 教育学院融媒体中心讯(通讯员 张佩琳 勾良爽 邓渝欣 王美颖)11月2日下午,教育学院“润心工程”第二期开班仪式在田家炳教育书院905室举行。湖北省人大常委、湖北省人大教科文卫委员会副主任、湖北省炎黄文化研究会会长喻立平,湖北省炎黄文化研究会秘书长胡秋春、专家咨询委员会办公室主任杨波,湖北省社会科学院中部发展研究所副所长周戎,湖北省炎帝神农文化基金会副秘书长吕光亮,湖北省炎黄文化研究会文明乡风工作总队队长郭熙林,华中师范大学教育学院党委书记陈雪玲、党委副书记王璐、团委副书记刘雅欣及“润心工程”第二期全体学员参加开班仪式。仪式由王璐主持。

--

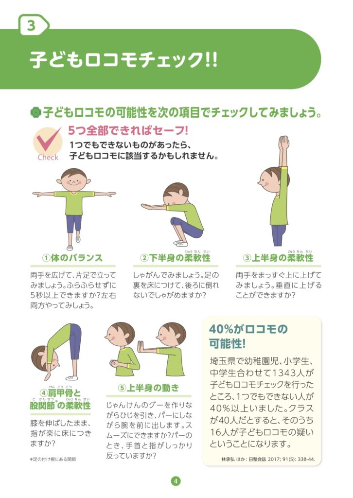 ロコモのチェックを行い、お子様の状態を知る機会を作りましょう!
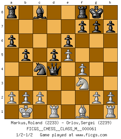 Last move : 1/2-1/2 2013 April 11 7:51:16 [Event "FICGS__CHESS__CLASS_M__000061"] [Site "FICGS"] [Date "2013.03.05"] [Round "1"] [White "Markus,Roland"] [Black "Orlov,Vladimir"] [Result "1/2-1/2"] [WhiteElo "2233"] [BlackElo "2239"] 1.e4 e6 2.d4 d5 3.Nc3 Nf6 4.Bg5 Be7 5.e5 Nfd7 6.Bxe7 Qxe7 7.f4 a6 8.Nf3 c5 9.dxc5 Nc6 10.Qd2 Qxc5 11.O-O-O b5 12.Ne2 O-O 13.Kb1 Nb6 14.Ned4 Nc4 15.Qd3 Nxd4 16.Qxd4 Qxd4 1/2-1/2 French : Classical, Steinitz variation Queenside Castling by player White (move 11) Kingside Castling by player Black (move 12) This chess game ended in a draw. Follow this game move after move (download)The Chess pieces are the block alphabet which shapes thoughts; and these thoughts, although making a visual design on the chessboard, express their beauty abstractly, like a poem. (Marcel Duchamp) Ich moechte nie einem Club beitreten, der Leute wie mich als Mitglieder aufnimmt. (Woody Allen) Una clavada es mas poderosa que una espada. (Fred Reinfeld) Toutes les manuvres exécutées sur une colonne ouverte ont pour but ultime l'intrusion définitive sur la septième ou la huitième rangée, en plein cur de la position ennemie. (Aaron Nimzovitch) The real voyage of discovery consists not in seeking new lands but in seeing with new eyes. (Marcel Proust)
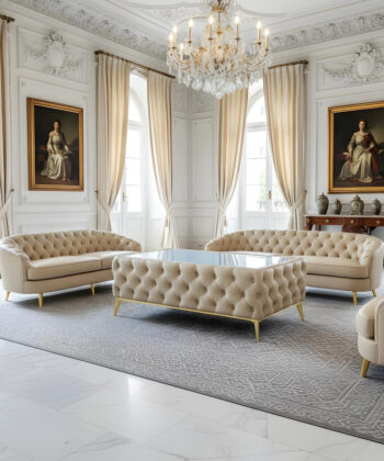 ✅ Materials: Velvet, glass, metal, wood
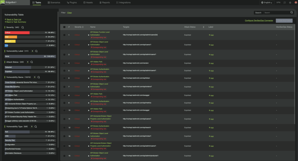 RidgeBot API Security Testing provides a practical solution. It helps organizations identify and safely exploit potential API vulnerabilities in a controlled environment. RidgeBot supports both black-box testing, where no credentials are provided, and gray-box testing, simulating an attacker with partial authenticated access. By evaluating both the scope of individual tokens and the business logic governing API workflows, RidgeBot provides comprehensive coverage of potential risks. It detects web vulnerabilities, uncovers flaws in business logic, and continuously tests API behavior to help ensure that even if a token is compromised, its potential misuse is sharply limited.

...

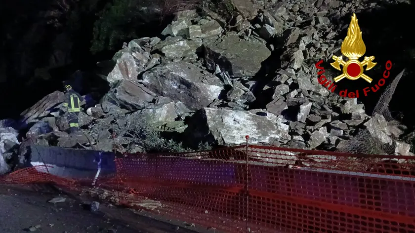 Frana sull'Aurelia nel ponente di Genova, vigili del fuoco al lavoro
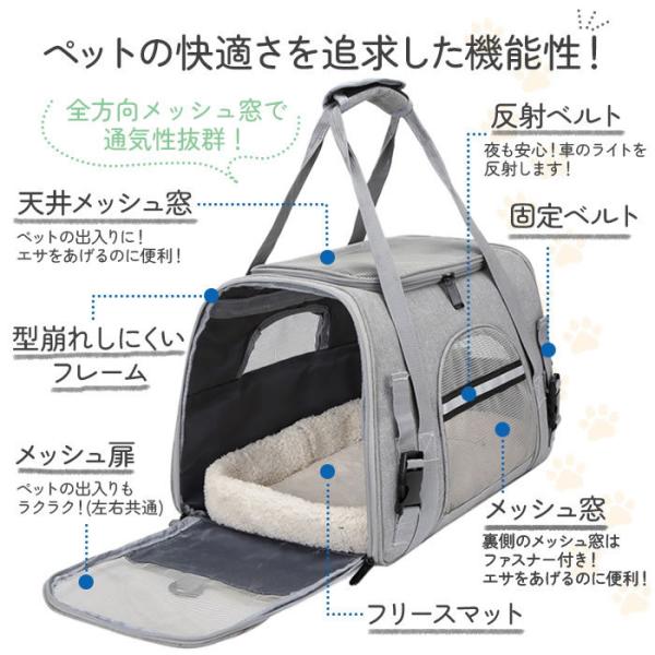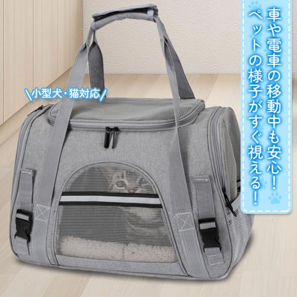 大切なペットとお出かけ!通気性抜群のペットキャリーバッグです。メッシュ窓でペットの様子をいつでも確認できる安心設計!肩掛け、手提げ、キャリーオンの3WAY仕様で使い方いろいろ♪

What to work on –
Among the lines above, the one with "Frana sull'Aurelia nel" opens the part to repeat and the one with "大切なペットとお出かけ!通気" closes it; repeat only that part exactly, with no pictures.

Problem solution –
 Frana sull'Aurelia nel ponente di Genova, vigili del fuoco al lavoro
 大切なペットとお出かけ!通気性抜群のペットキャリーバッグです。メッシュ窓でペットの様子をいつでも確認できる安心設計!肩掛け、手提げ、キャリーオンの3WAY仕様で使い方いろいろ♪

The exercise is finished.